Les trois piliers essentiels sont : 1) le long jeu (fer, bois, driver), 2) le petit jeu (approches, sorties de bunker, wedges), et 3) le putting (technique et dosage). Le parcours sert ensuite de juge de paix pour évaluer les progrès.
Comment choisir l'objectif principal à travailler chaque semaine ?
Il faut analyser ses derniers parcours en notant précisément où on a perdu des coups (balles perdues, pénalités, 3 putts, approches ratées, sorties de bunker). Ensuite, on choisit un objectif clair et prioritaire à améliorer lors du cycle d'entraînement.
Quelle est la répartition idéale du temps d'entraînement entre putting, petit jeu et long jeu ?
Pour au moins 3 séances par semaine, la répartition recommandée est : 40 % putting, 35 % petit jeu, et 25 % long jeu. Même avec une seule séance, il est conseillé de finir toujours par au moins 20 minutes de putting.
Comment organiser efficacement deux séances d'entraînement par semaine ?

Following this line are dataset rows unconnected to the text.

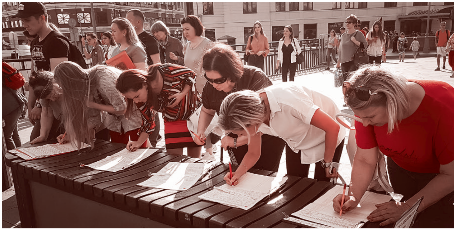
Сбор подписей против пенсионной реформы в Москве. 7 сентября 2018 г.
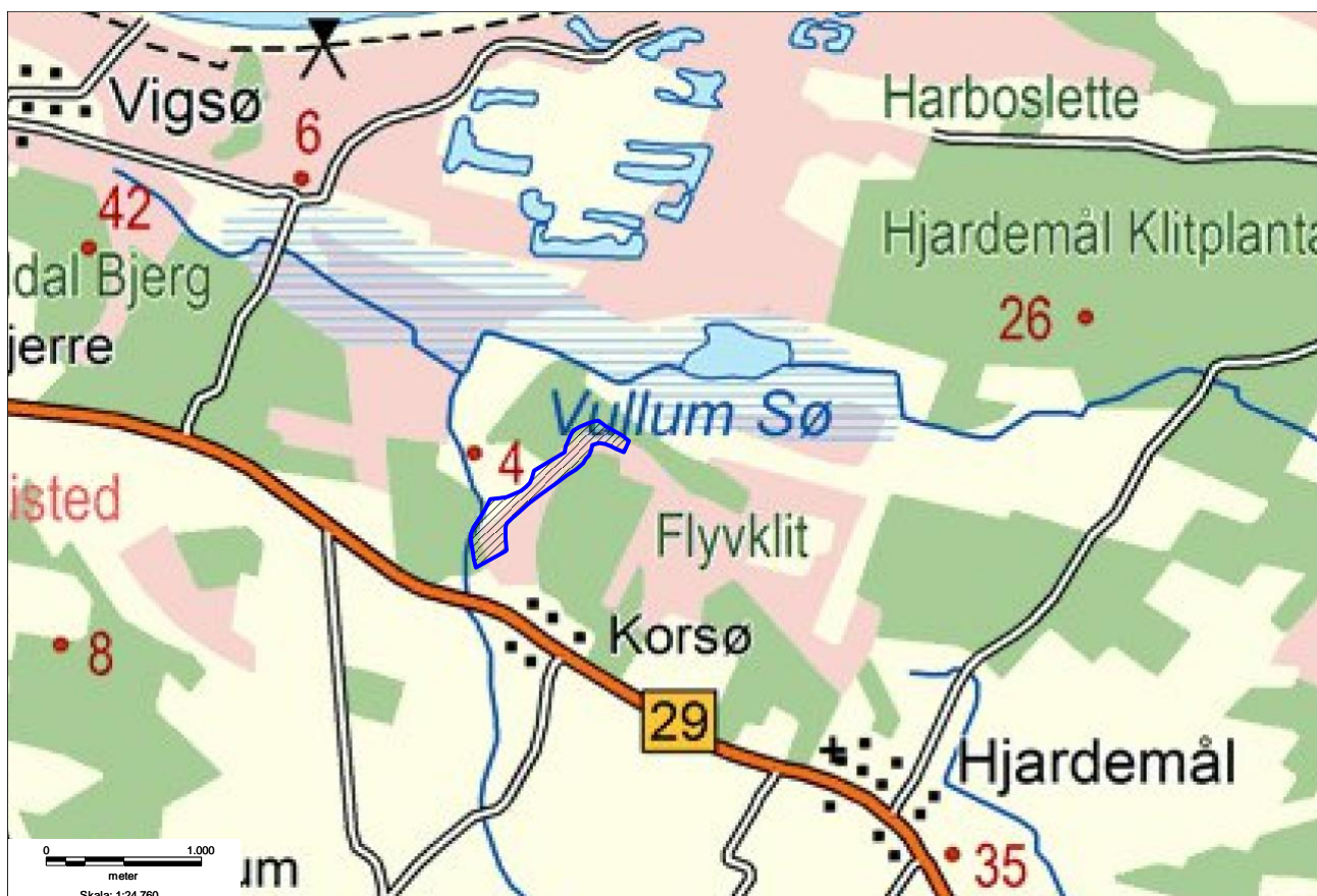
Figur 1: Den blå skravering på kortet viser udstrækningen af Natura 2000-område nr. 45 Korsø Knude.

Langt størstedelen af dette område (omkring 95 %), derunder alt kortlagt habitatnatur i området, er statsejet.
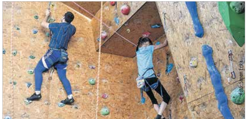
Fotó: Simon Erka

Nehézségi falmászóversenyt rendezett a Rotpunkt Sziklamászó Egyesület az István Király Iskolában. Gyerek, kezdő és tapasztalt mászók számára nyílt kategóriát hirdettek. Utóbbiak mezőnyében feltűntek országosan ismert versenyzők, összesen negyvenegyen neveztek. A versenyt Bubb Ferenc nyerte. S. Z.
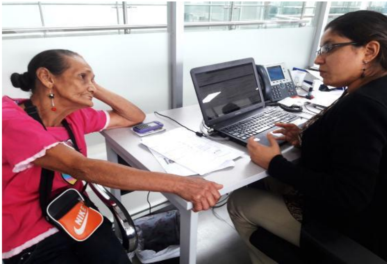
Ilustración 5. Atención a usuarios para el Registro social
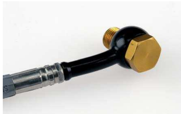
Fitting: svart Banjobolt: guld
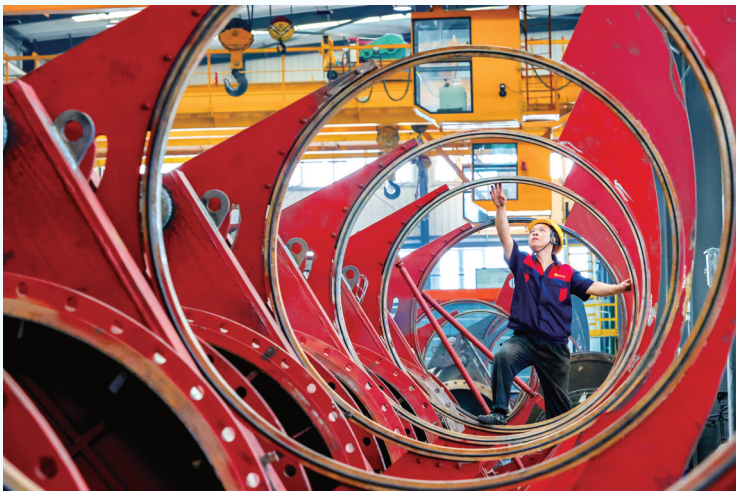
阳泉阀门股份有限公司成品车间

本报于9月1日刊发《英雄城 阳泉红》视觉专版，展现了这座英雄之城的红色内涵，今日带领读者进一步了解这座现代之城的活力、魅力。
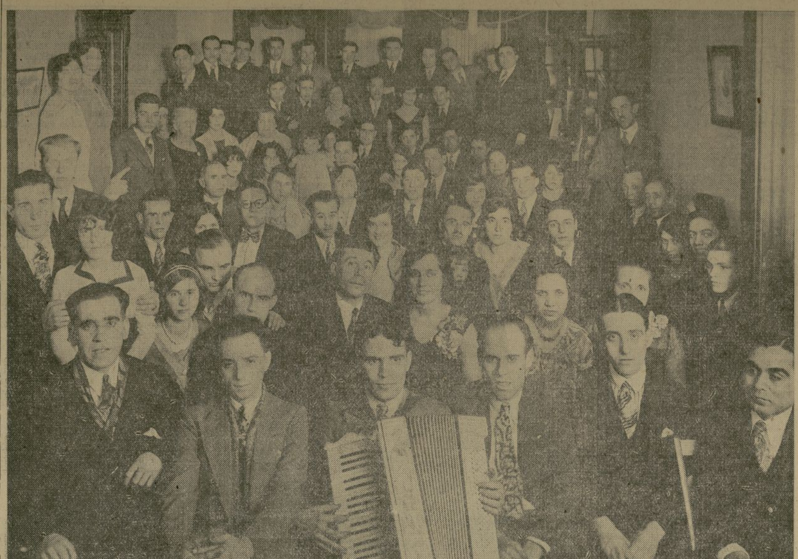
Fotografía de los asistentes a la última velada celebrada por la Sociedad Naturista Hispana de esta ciudad, y en la cual participaron distinguidos líderes en el campo del Naturismo, terminando con un lucido baile.

6.30 P. M.—Orquesta. 7.00 P. M.—Amos y Andy. 7.15 P. M.—Romance en el conservatorio. 7.30 P. M.—Música y vocalista. 7.45 P. M.—Contralto, barítono y orquesta. 8.00 P. M.—Comedia, música y orquesta. 8.15 P. M.—Idem. 8.30 P. M.—Idem. 8.45 P. M.—Idem. 9.00 P. M.—Idem. 9.15 P. M.—Idem. 9.30 P. M.—Idem. 9.45 P. M.—Idem. 10.00 P. M.—Idem. 10.15 P. M.—Idem. 10.30 P. M.—Idem. 10.45 P. M.—Idem. 11.00 P. M.—Idem.

Séance 1 : petit jeu + putting avec échauffement, travail spécifique sur le putting court et long dosage, suivi d'approches roulées et wedges. Séance 2 : long jeu + mise en jeu avec échauffement ciblé sur fers courts puis travail sur dispersion des fers, driver/bois avec objectifs précis et wedges distances variées. Finir toujours par du putting.
Pourquoi le petit jeu et le putting sont-ils prioritaires même si mon driver est faible ?
Le petit jeu et le putting représentent les zones où l'on peut rapidement gagner des coups. Même si votre driver est perfectible ou vous fait honte, consacrer suffisamment de temps à ces aspects permet d'améliorer significativement votre score.